Так началась их жизнь, и так она продолжалась. В первые недели, в особенности по вечерам, еще набиралась, бывало, кучка посетителей за одним столом – поглазеть на трактирщика из мужиков, в надежде позабавиться на его счет. В самом трактире было мало занятного: Манц был неуклюж, неповоротлив, угрюм и уныл, он не знал, да и не хотел знать, как держать себя. Медленно и неловко наполнял он кружки, мрачно ставил их перед гостями, пытался выжать из себя хоть слово, но ничего у него не выходило. С тем большим усердием старалась завязать разговор его жена, и действительно ей удалось сначала на несколько дней удержать посетителей, но совсем по другой причине, не той, что она думала. Дородная женщина сочинила домашний наряд, в котором считала себя неотразимой. Она надевала деревенскую юбку из некрашеного полотна, старый зеленый шелковый лиф, ситцевый фартук и дешевенькую белую косынку. Свои поредевшие волосы она потешно закручивала на висках "улитками", а в косичку, заложенную на затылке, втыкала высокий гребень. Так она вертелась и юлила вокруг гостей, стараясь быть грациозной, забавно поджимала губы, силясь придать им сладкое выражение, вприпрыжку подбегала к столам и, подавая стакан или тарелку с соленым сыром, улыбалась и несла всякую чепуху.
– Вот как! Так, так! Великолепно, прекрасно, господа, – приговаривала она, но хотя язычок у нее был и бойкий, ей не удавалось теперь выжать из себя даже крупицу остроумия, так как она была здесь чужой и не знала местных людей. Зельдвильские подонки, околачивавшиеся в трактире, прикрывали рот рукой, задыхаясь от смеха, толкали под столом друг друга ногой и восклицали:
– Тьфу, пропасть! Ну и штучка!
– Прелесть! – говорил другой. – Разрази меня гром! На такую стоит прийти полюбоваться. Давненько мы такой не видывали!
Ее муж, мрачно наблюдавший за ней, замечал это, толкал ее в бок и шептал:
– Что ты делаешь, старая корова?
– Не мешай мне, – с сердцем отвечала она. – Не видишь, остолоп, как я стараюсь и как умею обходиться с людьми? Но это все голытьба, твоего поля ягода, дай срок, скоро сюда повалят гости познатнее.
Вся эта сцена освещалась одной-двумя тонкими сальными свечками; Сали, их сын, уходил в темную кухню, садился на лежанку и плакал, страдая за мать и отца.

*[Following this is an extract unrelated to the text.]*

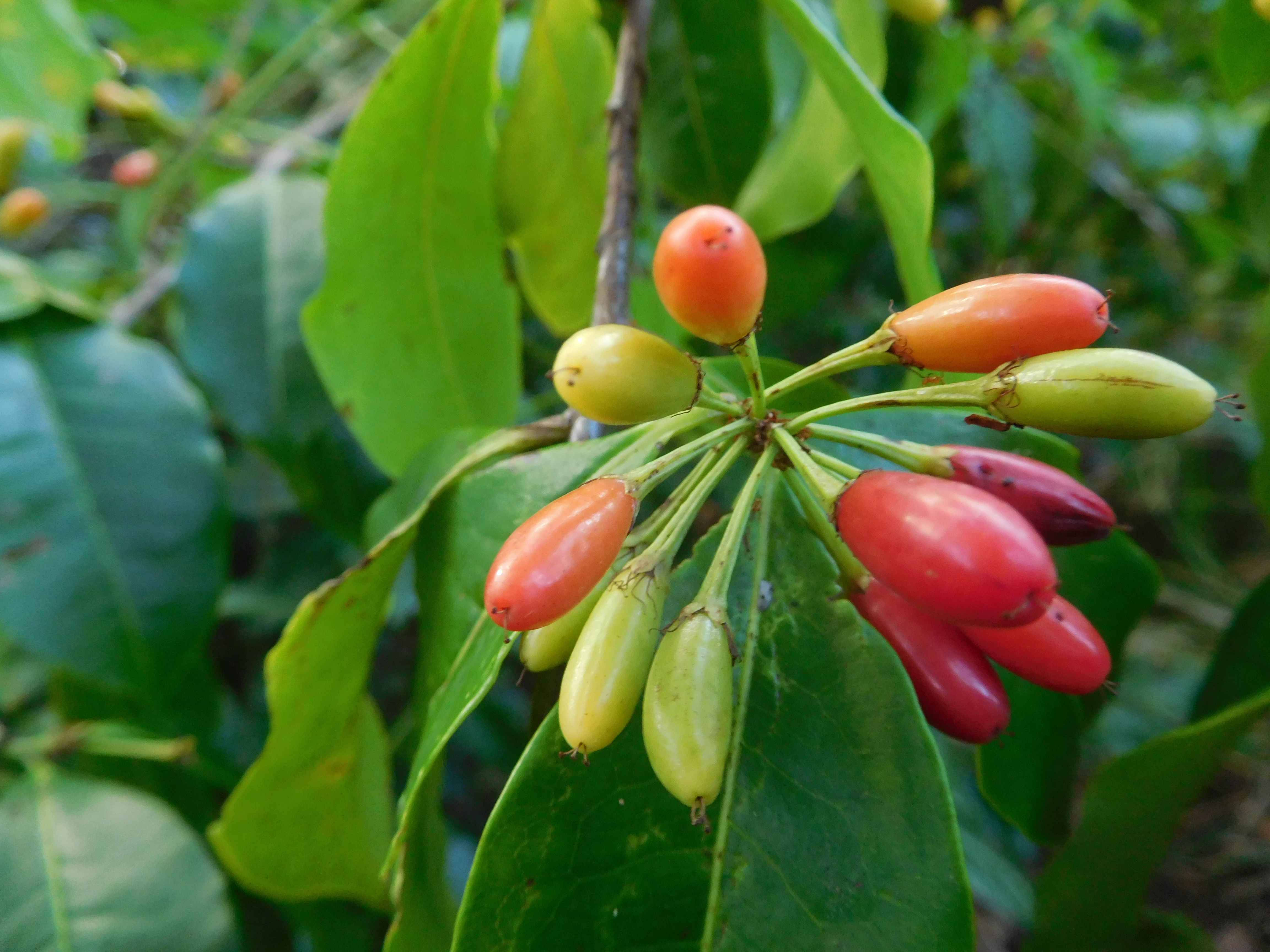 Erythroxylaceae Kunth (1822)
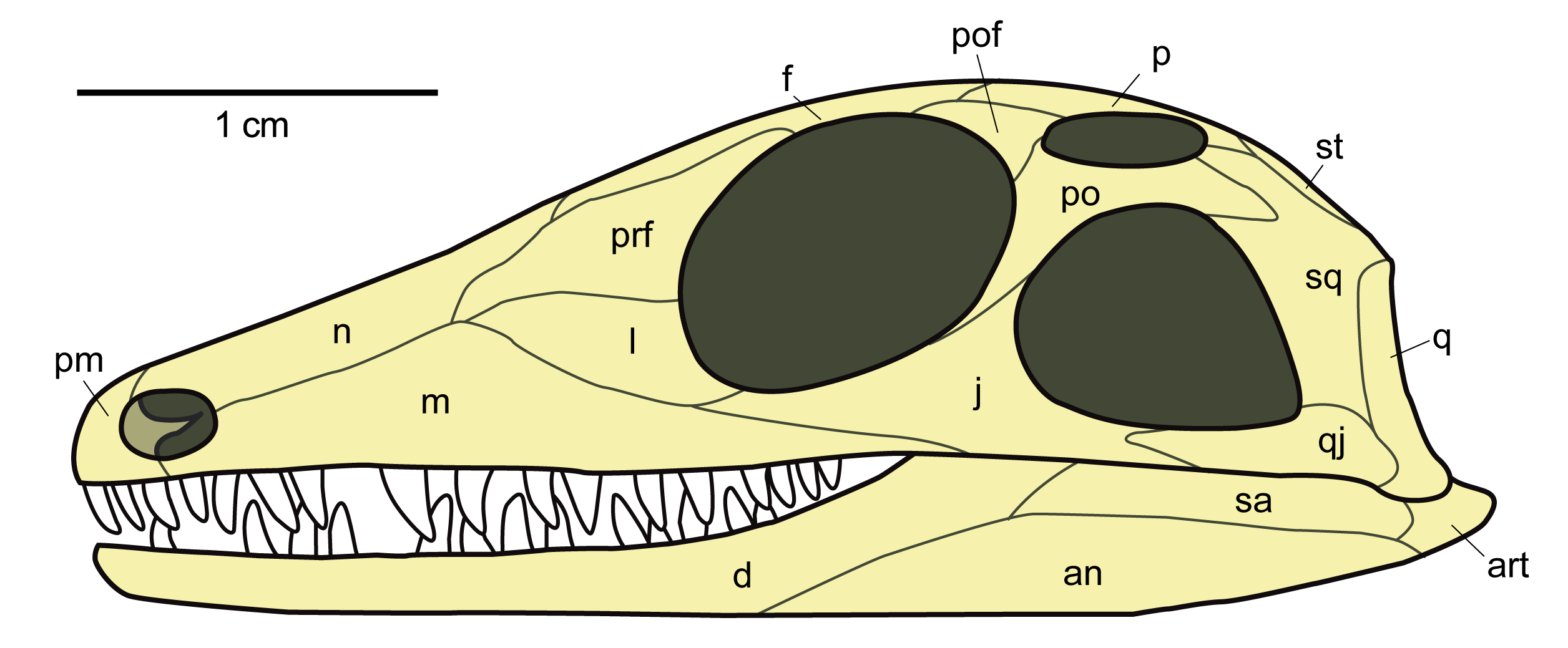 Skull of Youngina capensis, an early diapsid reptile from the Permian of South Africa, in lateral view. After Carroll (1981).[1] Meaning of abbreviations: an = angular, art = articular, d = dentary, f = frontal, j = jugal, l = lacrimal, m = maxilla, n = nasal, p = parietal, pm = premaxilla, po = postorbital, pof = postfrontal, prf = prefrontal, q = quadrate, qj = quadratojugal, sa = surangular, sq = squamosal, st = supratemporal.

Гости, однако, скоро пресытились зрелищем, которое являла собой милейшая фрау Манц, и стали опять собираться там, где им было приятнее и где они могли посмеяться над странным трактиром; лишь изредка заходил сюда одинокий посетитель, выпивал стаканчик и, зевая, оглядывал стены, или невзначай вваливалась целая банда, минутной суетой и шумом вызывая у бедных людей обманчивые надежды. Жутко было им в этом каменном закутке, куда едва заглядывало солнце, и Манцу, который раньше целыми днями околачивался в городе, теперь рта жизнь в четырех стенах казалась невыносимой. Вспоминая просторы полей, он то впивался мрачно-задумчивым взором в потолок или в пол, то выбегал через узкие двери дома на улицу, то опять возвращался, так как соседи пялили глаза на "злого трактирщика", как они уже успели прозвать его.
Немного прошло времени, и Манцы окончательно обнищали. У них не осталось ничего: чтобы поесть, им приходилось ждать, пока кто-нибудь заглянет к ним и заплатит несколько мелких монет за стакан еще остававшегося в запасе вина; если же гость требовал колбасы или чего-нибудь еще, это вызывало целый переполох и им стоило величайшего труда раздобыть необходимое. Скоро уже у них и вина оставалось только в большом графине, который они держали припрятанным и тайком наполняли в чужом кабаке; и вот, без хлеба и без вина, они разыгрывали любезных хозяев, а у самих нечего было есть. Они даже радовались, когда никто не заходил к ним, и прозябали в своем кабачке: не жили и не умирали.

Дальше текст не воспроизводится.